Now we will evaluate our model using **f1_score** let's go. 

In [0]:
#evaluation Details
models = [decisionTreeModel, gradientBoostingModel, KNeighborsModel, LogisticRegression, SVClassifier]

for model in models:
    print(type(model).__name__,' Train Score is   : ' ,model.score(X_train, y_train))
    print(type(model).__name__,' Test Score is    : ' ,model.score(X_test, y_test))
    
    y_pred = model.predict(X_test)
    print(type(model).__name__,' F1 Score is      : ' ,f1_score(y_test,y_pred))
    print('--------------------------------------------------------------------------')
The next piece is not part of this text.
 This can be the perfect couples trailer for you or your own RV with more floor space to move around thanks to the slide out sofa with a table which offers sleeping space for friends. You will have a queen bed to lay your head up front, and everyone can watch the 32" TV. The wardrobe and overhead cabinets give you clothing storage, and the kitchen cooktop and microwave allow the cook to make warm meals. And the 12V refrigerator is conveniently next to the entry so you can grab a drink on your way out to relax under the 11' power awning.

DecisionTreeClassifier  Train Score is   :  0.9761904761904762
DecisionTreeClassifier  Test Score is    :  0.7419566644780039
DecisionTreeClassifier  F1 Score is      :  0.6743993371996686
--------------------------------------------------------------------------
GradientBoostingClassifier  Train Score is   :  0.8594417077175698
GradientBoostingClassifier  Test Score is    :  0.7511490479317138
GradientBoostingClassifier  F1 Score is      :  0.6331074540174251
--------------------------------------------------------------------------
KNeighborsClassifier  Train Score is   :  0.9761904761904762
KNeighborsClassifier  Test Score is    :  0.7406434668417596
KNeighborsClassifier  F1 Score is      :  0.5872518286311389
--------------------------------------------------------------------------
LogisticRegression  Train Score is   :  0.8502463054187193
LogisticRegression  Test Score is    :  0.7826657912015759
LogisticRegression  F1 Score is      :  0.7230125523012553
-------------------------

There is overtraining based on the differences in the scores seen here, I'll likely investigate this in the future.